An analytic proposition is one where the predicate concept is contained within the subject concept. In other words, it is true by virtue of its meaning regardless of the way the world is. For example, the classic one is “all bachelors are unmarried” such that the concept of the subject (bachelors) is contained within the predicate (unmarried). Other examples:
The circle is not a square
The vixen is female
A synthetic proposition is one where the predicate concept is not contained within the subject concept. They are true because of the way the world is. An example would be “All bachelors are unhappy”, or:
All children are naughty
All creatures with hearts have kidneys
So far so good? Nice. Some of you who read or know about the a priori / a posteriori debate (linked above) will notice a similarity. Analytic propositions look very much like a priori judgements and synthetic propositions look much like a posteriori judgements. Immanuel Kant thought that there could be four types of proposition as a result (courtesy of wiki):
Examples of a priori propositions include:
- “All bachelors are unmarried.”
- “7 + 5 = 12.”
The justification of these propositions does not depend upon experience: One need not consult experience to determine whether all bachelors are unmarried, nor whether 7 + 5 = 12. (Of course, as Kant would grant, experience is required to understand the concepts “bachelor,” “unmarried,” “7”, “+” and so forth. However, the a priori/a posteriori distinction as employed here by Kant refers not to the origins of the concepts but to the justification of the propositions. Once we have the concepts, experience is no longer necessary.)

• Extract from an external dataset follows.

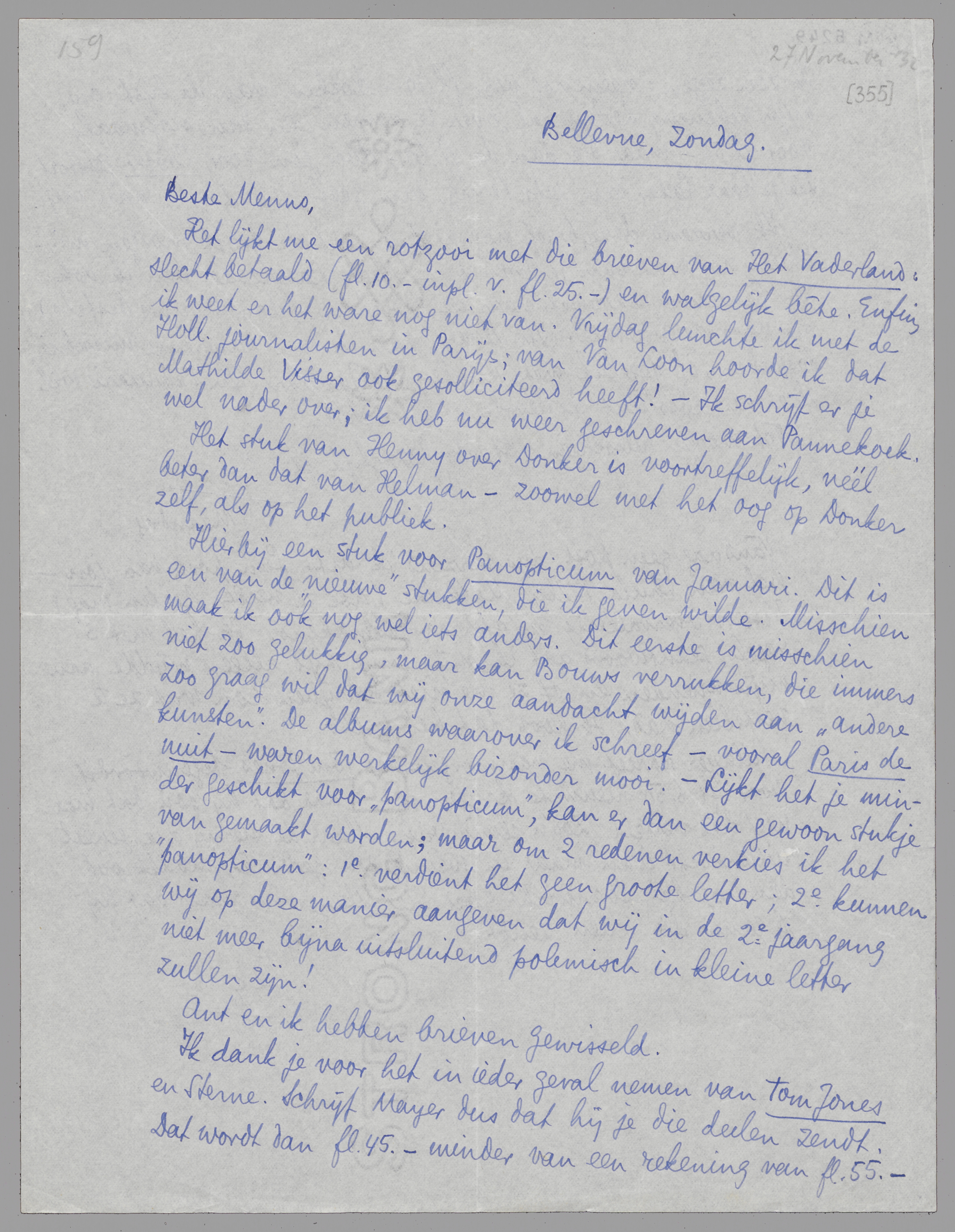 Hierbij een stuk voor Panopticum van Januari. Dit is een van de ‘nieuwe’ stukken, die ik geven wilde. Misschien maak ik ook nog wel iets anders. Dit eerste is misschien niet zoo gelukkig, maar kan Bouws verrukken, die immers zoo graag wil dat wij onze aandacht wijden aan ‘andere kunsten’. De albums waarover ik schreef - vooral Paris de Nuit - waren werkelijk bizonder mooi. - Lijkt het je minder geschkt voor ‘panopticum’, kan er dan een gewoon stukje van gemaakt worden; maar om 2 redenen verkies ik het ‘panopticum’: 1e verdient het geen groote letter; 2e kunnen wij op deze manier aangeven dat wij in de 2e jaargang niet meer bijna uitsluitend polemisch in kleine letter zullen zijn!

Examples of a posteriori propositions include:
- “All bachelors are unhappy.”
- “Tables exist.”
Both of these propositions are a posteriori: Any justification of them would require one’s experience.
The analytic/synthetic distinction and the a priori/a posteriori distinction together yield four types of propositions:
- analytic a priori
- synthetic a priori
- analytic a posteriori
- synthetic a posteriori
Kant says the third type is self-contradictory, so he discusses only the remaining three types as components of his epistemological framework.
Mathematically, and possibly due to the confinement of logic at the time, Kant believed mathematical claims like 7 + 5 = 12 to be synthetic because he felt 12 is not contained in the concept of 5, 7 or +. There would have to be some synthesis of thought to arrive at this. This fell into the synthetic a priori camp for him.
Frege and others came along and refined Kant’s thinking. But why bother with all this semantic and linguistic musing? As the SEP states:
Why should philosophy be interested in what would seem to be a purely linguistic notion? Because, especially in the first half of the Twentieth Century, many philosophers thought it could perform crucial epistemological work, providing an account, first, of our apparently a priori knowledge of mathematics, and then—with a little help from British empiricism—of our understanding of claims about the spatio-temporal world as well. Indeed, “conceptual analysis” soon came to constitute the very way particularly Anglophone philosophers characterized their work. Many additionally thought it would perform the metaphysical work of explaining the truth and necessity of mathematics, showing not only how it is we could know about these topics independently of experience, but how they could be true in all possible worlds.
This slight change was a move brought on by the Logical Positivists:
Such that definitions could be various:
The logical positivists agreed with Kant that we have knowledge of mathematical truths, and further that mathematical propositions are a priori. However, they did not believe that any complex metaphysics, such as the type Kant supplied, are necessary to explain our knowledge of mathematical truths. Instead, the logical positivists maintained that our knowledge of judgments like “all bachelors are unmarried” and our knowledge of mathematics (and logic) are in the basic sense the same: all proceeded from our knowledge of the meanings of terms or the conventions of language.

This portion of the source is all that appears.